NOTHING WHAT SO EVER! LOL!! Hence, me playing with it for the last month! It came put together and ready to go. I'm just concerned what is going to happen when it's time to replace the wire and what not on the sealing bar. And when exactly do I do that? lol


----------



## TashaBird (Jul 6, 2021)

violets2217 said:


> NOTHING WHAT SO EVER! LOL!! Hence, me playing with it for the last month! It came put together and ready to go. I'm just concerned what is going to happen when it's time to replace the wire and what not on the sealing bar. And when exactly do I do that? lol


I guess that could be a perk for a US company with accessible people.


----------



## violets2217 (Jul 6, 2021)

TashaBird said:


> I guess that could be a perk for a US company with accessible people.
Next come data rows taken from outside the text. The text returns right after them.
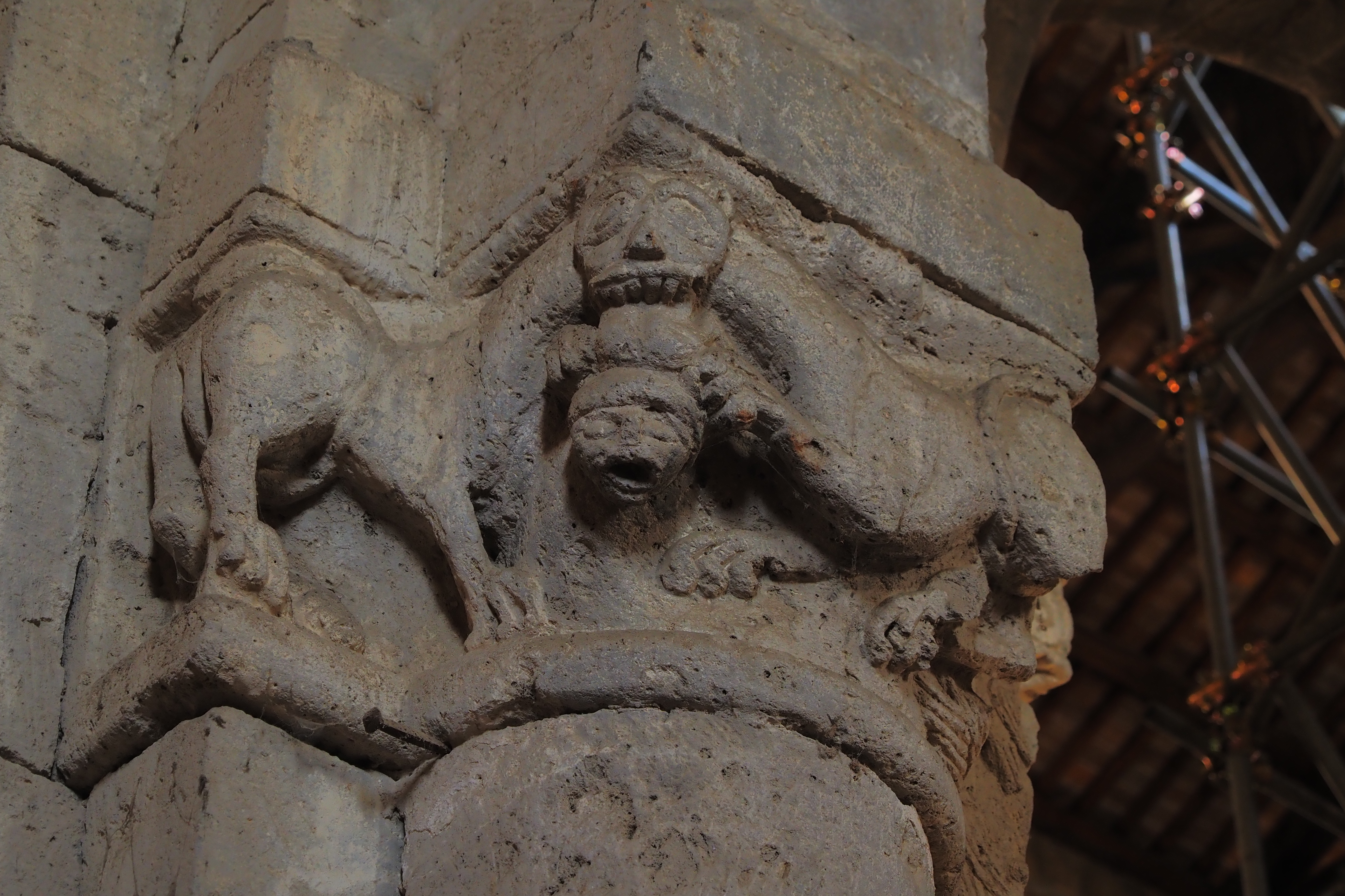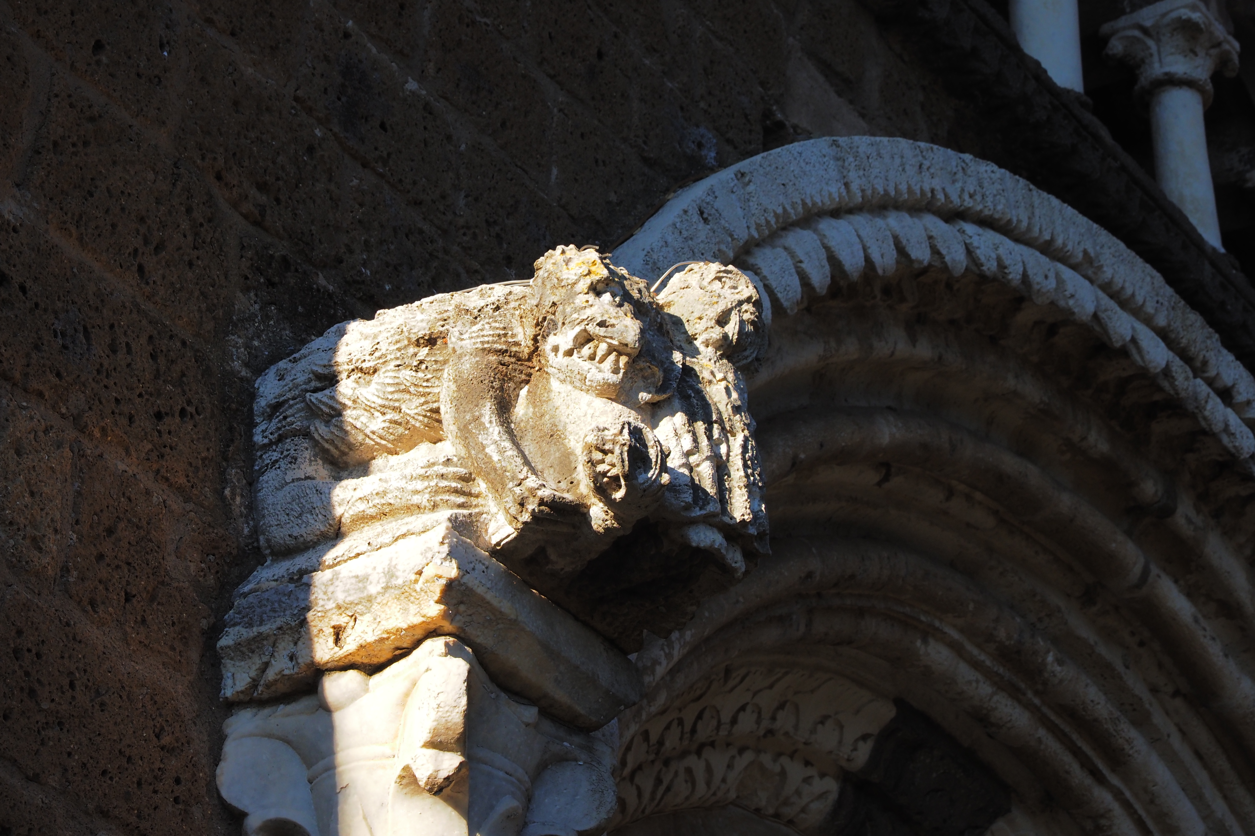 門脇の柱頭と、ロッジア横のグリフィン像。
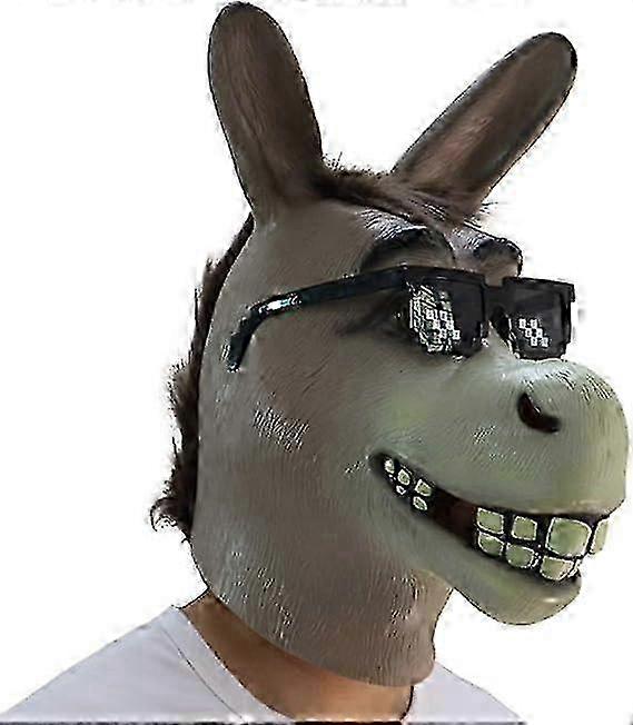 Donkey Mask, Latex Sherk Mask, Deluxe Full Face Animal Head Mask for Halloween Adult Costume Party
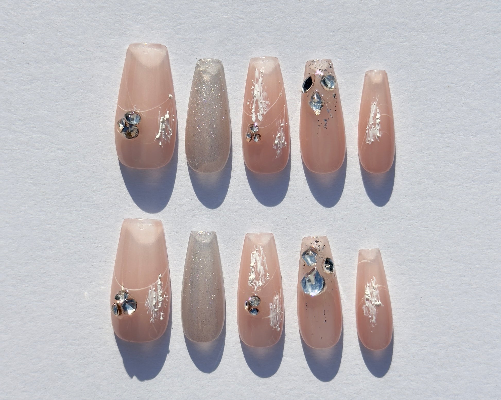 Apply glue to your press-ons and your natural nail. Press firmly for 30 seconds per nail with pressure to ensure full adhesion.
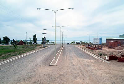 Al momento de esta visita pudimos apreciar la construcción del establecimiento educativo para EGB 1, 2 y 3 en el marco del Programa Nacional 700 Escuelas y la construcción de una estación de servicios que en principio no contará con expendio de GNC y que se prevé que su administración pasará a manos de la empresa petrolera estatal Pampetrol. La Villa cuenta con una población transitoria de 250 personas y dispone de proveeduría, electricidad, agua potable, alumbrado público y forestación y algo fundamental para no aburrirse, señal de Canal 3 por repetidora propia. Dentro del ambicioso y singular proyecto, Casa de Piedra se presenta a futuro como una estampa turística dentro del territorio provincial, por el lugar desde su puesta en marcha la habrían visitado haciendo uso de las instalaciones de camping unos 5.500 turistas, los servicios de infraestructura se incrementarán con el tiempo, con la construcción de un hotel y cabañas. Se trabaja mucho en la adecuación de la playa junto al lago, esto apunta necesariamente a una adecuada prestación de los servicios de costa como la pesca deportiva y los deportes de agua.
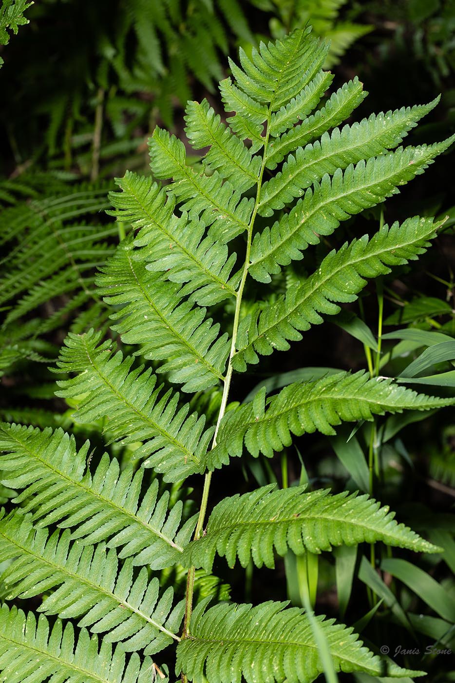 Goldie's Wood Fern has a large blade with an abruptly pointed tip. Its sori are close to the midvein on the pinnae.
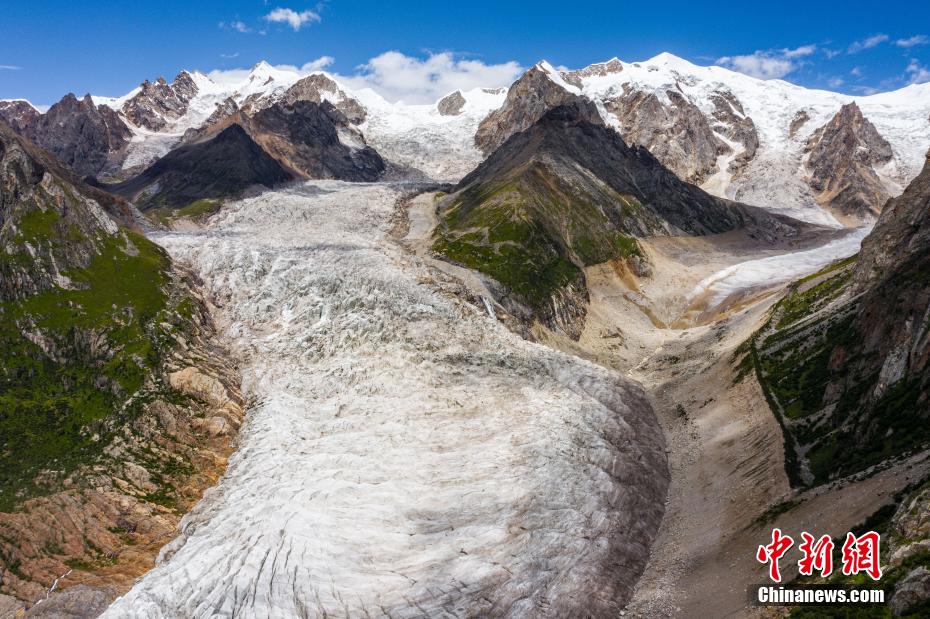 約雄冰川距離巴青縣城約85公里,冰川所在區(qū)域屬于國家級濕地保護區(qū),主要由冰川下游冰緣區(qū)的湖泊水域、河流、沼澤化草甸及流域匯水區(qū)的部分水源林地組成。圖為航拍約雄冰川。 何蓬磊 攝
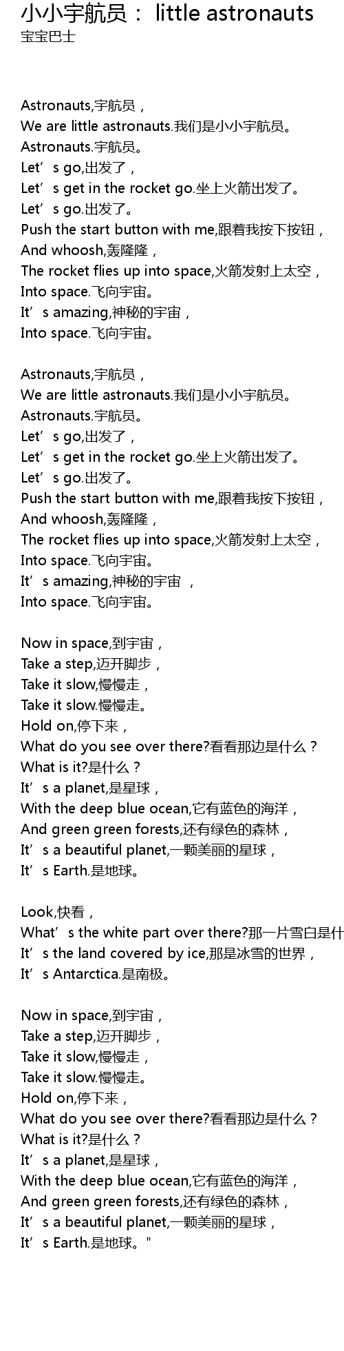 | Song | 小小宇航员: little astronauts |
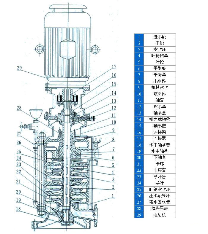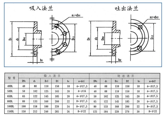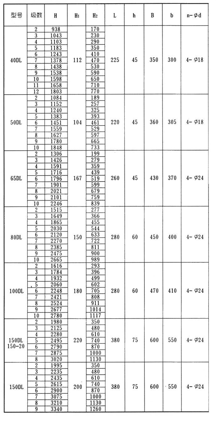 DL系列立式多級離心泵結構圖及安裝尺寸

GOOD POINT! Although because it shipped in days from New Jersey... I assumed it was an American company, but after further internet research I see it is a Chinese company and it makes so much more sense! Oh well! it works for me....


----------



## TashaBird (Jul 6, 2021)

violets2217 said:


> GOOD POINT! Although because it shipped in days from New Jersey... I assumed it was an American company, but after further internet research I see it is a Chinese company and it makes so much more sense! Oh well! it works for me....


Good info though! I’m still trying to decide what to get, so I appreciate knowing more options!!


----------



## AliOop (Jul 7, 2021)

The set-up of the National Shrink Wrap system is different because it has a free wand instead of a fixed one. While that is more expensive, and a larger piece of equipment to store, it also makes the bagging process a lot faster - assuming you have a table or counter top big enough to lay out more soaps at one time. You can watch a few YT videos to get a sense for how quickly it goes.


----------



## violets2217 (Jul 7, 2021)

AliOop said:


> The set-up of the National Shrink Wrap system is different because it has a free wand instead of a fixed one.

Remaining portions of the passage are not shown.